(WHAT YOU SHOULD DO)
Leaving out the pictures, write out exactly each line from the line with "Куртка на молнии" through the close of the listing below.

(DATASET EXTRACT)
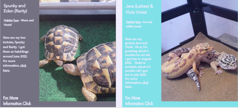 This page is dedicated to our home and class pets and the experience we’ve gained through learning about different habitats, setting up and maintaining these habitats, and learning to take care of animals/exotic animals.
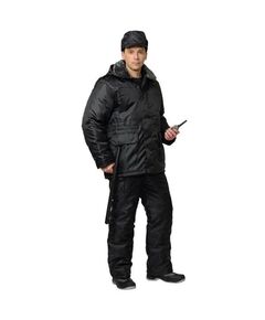 Куртка на молнии и ветрозащитным клапаном, съёмным капюшоном, накладными и прорезными карманами. Притачной меховой воротник, кулиска по линии талии, трикотажные манжеты внутри рукавов обеспечивают дополнительную теплозщиту. Брюки с центральной застёжкой-молнией и двумя боковыми накладными...
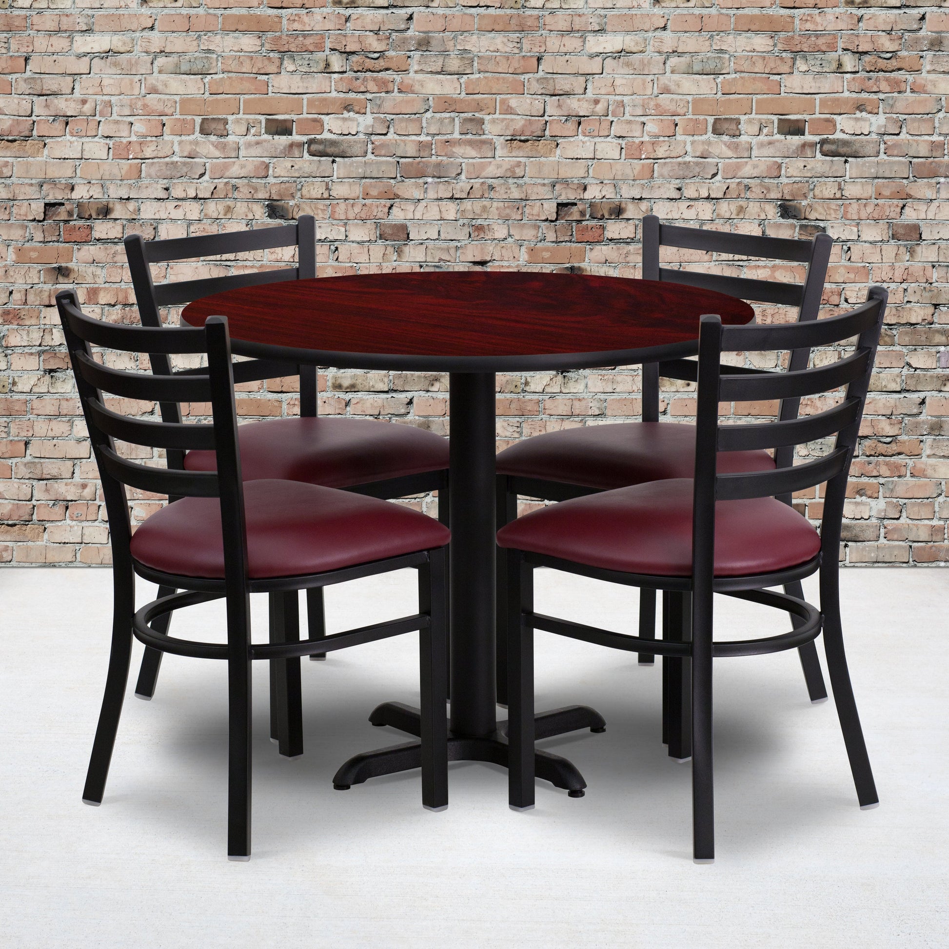Carlton 36'' Round Mahogany Laminate Table Set with X-Base and 4 Ladder Back Metal Chairs - Burgundy Vinyl Seat Dimensions: 36"W x 36"D x 30"H

(EXERCISE OUTPUT)
 Куртка на молнии и ветрозащитным клапаном, съёмным капюшоном, накладными и прорезными карманами. Притачной меховой воротник, кулиска по линии талии, трикотажные манжеты внутри рукавов обеспечивают дополнительную теплозщиту. Брюки с центральной застёжкой-молнией и двумя боковыми накладными...
Carlton 36'' Round Mahogany Laminate Table Set with X-Base and 4 Ladder Back Metal Chairs - Burgundy Vinyl Seat Dimensions: 36"W x 36"D x 30"H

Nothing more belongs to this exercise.